Everyone who's ever had a boss has probably thought that the person in charge was overpaid.

The Economist takes that speculation a step further, looking at what some leaders of the free world make -- yes, I specifically chose the word "make" instead of "earn" -- compared to their countries' gross domestic product (GDP) per person.


Click image or here for a larger view.

No, fellow Americans, Obama is not the highest paid. Our president's income, according to the magazine, is around eight times America's GDP per citizen. That's about on par with Japan and Germany.

The pay for the leader of Singapore tops the overpaid national boss list, coming in at more than 40 times the city-state's GDP per person. I do hope that he at least pays a decent amount in taxes back to the nation's treasury.

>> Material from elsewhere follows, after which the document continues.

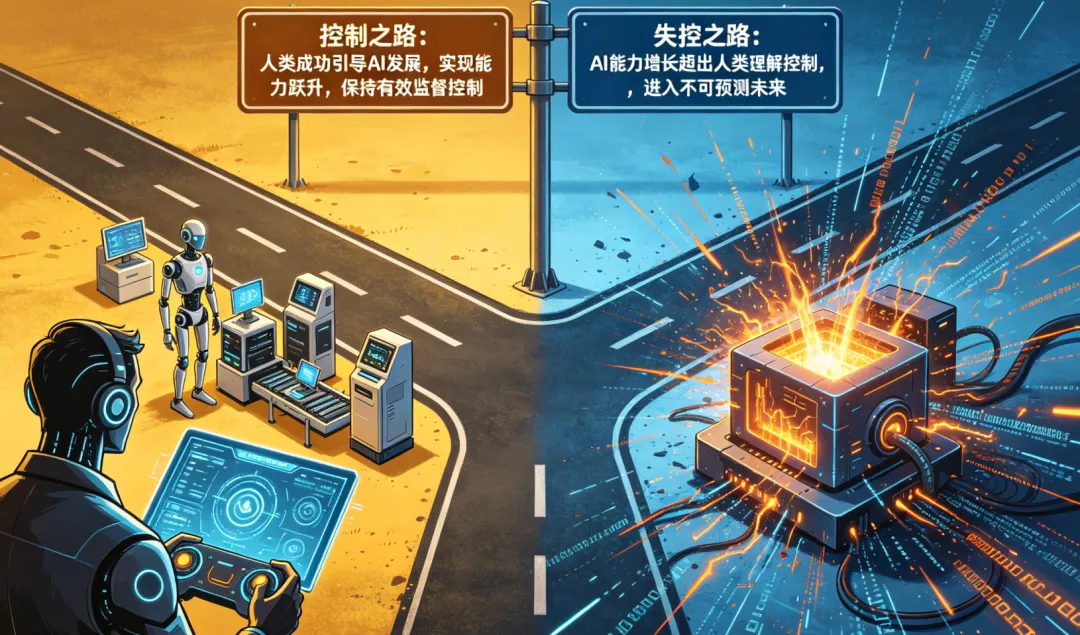 是“失控之路”:AI的能力增长超出人类的理解和控制,进入一个不可预测的未来。

And yes, you are seeing correctly. Those Singapore figures are second on the list.

As the graph indicates, the Kenyan prime minister would have taken the dubious honor as the most overpaid leader, but Raila Odinga had the decency to turn down a proposed raise that would make his salary 240 times the GDP per Kenyan.

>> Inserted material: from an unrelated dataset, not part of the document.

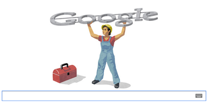 | Doodle hình công nhân mặc bảo hộ lao động trên trang chủ của Google |

The proposed increase for the African nation's leader is part of a move by that country's Members of Parliament (MP) to also substantially increase their own income, to $175,000 a year per MP to be precise. This in a country where farm workers earn $40 a month.

A final vote on the Kenyan politicians' proposed pay hikes is expected this week, but it's run into some problems. Kenya's Finance Minister has "been honest enough to state the obvious. The country cannot afford it; it was not in the annual Budget, approved in parliament only a few days ago. Unless: the country borrows money, or taxes are raised."

And even if taxes were raised, the politicians wouldn't have to worry, reports SperoNews. Kenyan MPs don't pay income tax.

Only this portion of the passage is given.